実際メルの目論見は成功し、今まで不明瞭だったユズの仕事がしっかりと報告書として上がってくるので随分と彼女は楽ができている。そういう意味では、ヘイズの采配は正しかったといえるだろう。
「今日は観光地の風車なので、シーズン前に点検をということです。出来れば作業も人がくるお昼前に、と」
「わかっているってぇ~。ニノ君、結構私のことダメなやつだとおもってるでしょぉ~
「結構じゃなくて、かなり思ってます」
「うあぁ、直球ぅ~~」
まったく酷いといった顔もせずに抗議の声を上げるユズ。
観光地は、22番地の中央通りをまっすぐ進むと現れる。柱の街の中でも22番地は有数の大きさで、風上街だけで言えば一番である。そのため、世界の一番前だなんていうそんな触れ込みで先端部分は観光地として繁盛しているのだ。
「観光地仕様の、真っ白な風車だそうですよ」
「へぇ、真っ白な、ねぇ」
細い目を、さらに細めてユズが呟く。
「そういえば」
観光地区あたりに入ると、質素な圧縮木材の床が次第に飾り彫りや塗り分けされた舗装床になり始める。街並みも煩雑な街から景観を重視した整列した並びになる。そんなあたりで、ふと先を行くニノが振り返った。
「ユズさんは、9番地に住んでいるんですよね?」
「……へ?」
「初めてお会いしたときに、そう」
「え、えーと」
何を言っているのか、と首を傾げかけた瞬間思い当たった。暗がりで顔は確かにじっとは見ていない。だが、確かにこの声と体格。
あの日9番地で出会ったあの少年だった。
「あ……なに、いってるのかなぁ?」
「黒い肌ともっと大きな背だったのですぐに気がつきませんでしたけど」
「く、黒い肌? め、めめめめ珍しい肌だねぇ」
「耳も尻尾も変わってないじゃないですか」
「……えーと。その、できれば忘れてほしいかなぁって」
ぱっと、思わずユズは己の頭に生えた耳を手で抑える。
もののけの固有パーツは彼ら個人個人で違い同じものは絶対にない。とはいえ余り知られている事実ではないのだが。
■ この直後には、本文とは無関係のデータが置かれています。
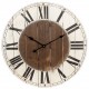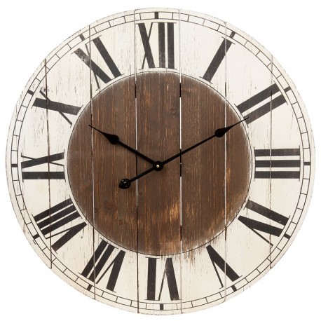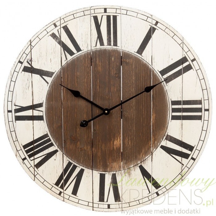 Duży zegar prowansalski swoją średnicą wymiecie ze ściany wszystkie inne dekoracje i zaprowadzi klimatyczny nastrój w całym wnętrzu. Zegar drewniany pomalowano na kremowy i brązowy kolor. Zewnętrzny pierścień w jasnym kolorze prezentuje duże, rzymskie cyfry, w środku brązowego kółka w centrum zegara zamocowane są dwie czarne wskazówki. Duże zegary ścienne polecamy zawiesić w miejscach takich jak pusta ściana w salonie lub w wolnym miejscu nad murowanym kominkiem.

「あれは、もののけのお仕事で……本当は秘密なんだよぉ」
「……はぁ。なるほど。判りました。じゃぁ代わりに一つ」
こほんと咳払いをして、ニノがユズの眼を見つめる。
「な、なにかなぁ。できる事なら何でもするよぉ」
「それはありがたいです。知りたいことが一つだけあるので、もしご存知なら教えてください」
「どーんときてよぉ、スリーサイズだって答えるよ~」
「メルさんの本名、教えてください」
思わずユズは固まってしまった。彼らもののけは表情に感情が乗りづらいが、体の表面に感情が出る。怒れば猫のようにあわ立ち、悲しめばつやをなくす、そして緊張すれば硬くなるのだ。ある意味人よりも分かりやすい。
「ご存知、ですよね?」
「えー、まぁ。そうだねぇ……しかし本人の承諾なしでぇ」
「名前きくのに、承諾が?」
「う……」
「なにか秘密でも? 社長も教えてくれませんでし――」
「あ、ちょっとトイレ行って来ていいかなぁ~?」
止める間もなくユズは近くにあった飲食店に入っていった。
――逃げられました。
誰も彼もが、メルの名前を教えてはくれない。調べようにも調べる手段はなく、手をこまねくばかりだ。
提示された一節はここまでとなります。